En haut à gauche du visuel de ce CD, il est mentionné «The Decca Records». Si cette affirmation est correcte pour la Symphonie Pathétique enregistrée par Decca du 24 au 27 mai 1948 à Paris, elle est inexacte en ce qui concerne le Concerto pour piano n°1 : Kostia Konstantinoff et Charles Munch l'ont certes gravé, mais pour la Columbia française à Paris en avril 1941 et mars 1942. Le label Archipel Records a-t-il réellement utilisé les sources originales (78 tours), comme il l'affirme, pour accomplir ses propres transferts 24 bit / 96 kHz, d'autant que les références de matrices ne sont pas renseignées ? Nous supposons que ce label a tout simplement utilisé de précédents transferts en CD pour réaliser sa propre compilation : une pratique qui est souvent l'apanage de petites labels à bon marché, dont le flirt avec le piratage est regrettable.
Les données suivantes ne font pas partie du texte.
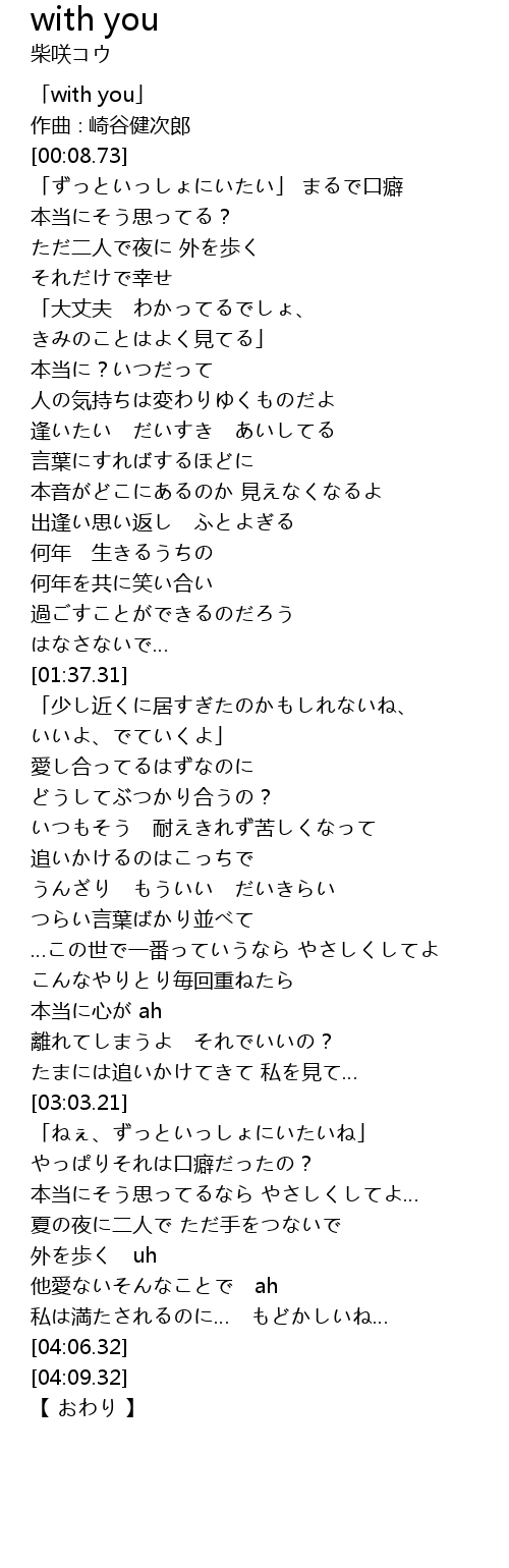 | [00:10.73] | 「ずっといっしょにいたい」 まるで口癖 |

Il faut, malgré tout, mettre en évidence le résultat remarquable et même exceptionnel du report, vu l'âge des enregistrements originaux. La qualité sonore du Concerto pour piano est supérieure à celle de l'édition Artone-Membran trop filtrée : la netteté incisive des instruments de l'orchestre parisien est plus perceptible, grâce à un idéal équilibre aigus / basses, et un médium chaleureux, tandis qu'aucune réverbération artificielle n'a été ajoutée ; la sonorité du piano n'est que plus naturelle. Au niveau interprétatif, signalons une coupure inhabituelle dans la cadence finale du premier mouvement, sans doute nécessitée par le découpage en faces de 78 tours.

Curieusement, le son du Concerto pour piano, enregistré dans les difficultés de la guerre, est sensiblement supérieur à celui de la Symphonie Pathétique gravée six années plus tard. Il est vrai qu'en 1948, Decca ne maîtrisait pas encore entièrement la technique FFRR (Full Frequency Range Recording) qui allait bientôt faire sa réputation. Le résultat est suffisamment audible pour que l'on apprécie toutes les nuances et les enthousiasmes du grand Charles Münch. Ils sont déjà révélateurs de sa future carrière à Boston, où ses exécutions de pages de Tchaïkovski seront les plus éblouissantes : on songe notamment au Concerto pour violon, à Francesca da Rimini, Roméo et Juliette, la Sérénade pour cordes, les Symphonies n°4 et n°6.

Ce disque Archipel est idéal – et essentiel – pour appréhender ces interprétations de la première heure du grand chef d'orchestre alsacien, à la tête d'une phalange aux sonorités appropriées à la musique de Tchaïkovski.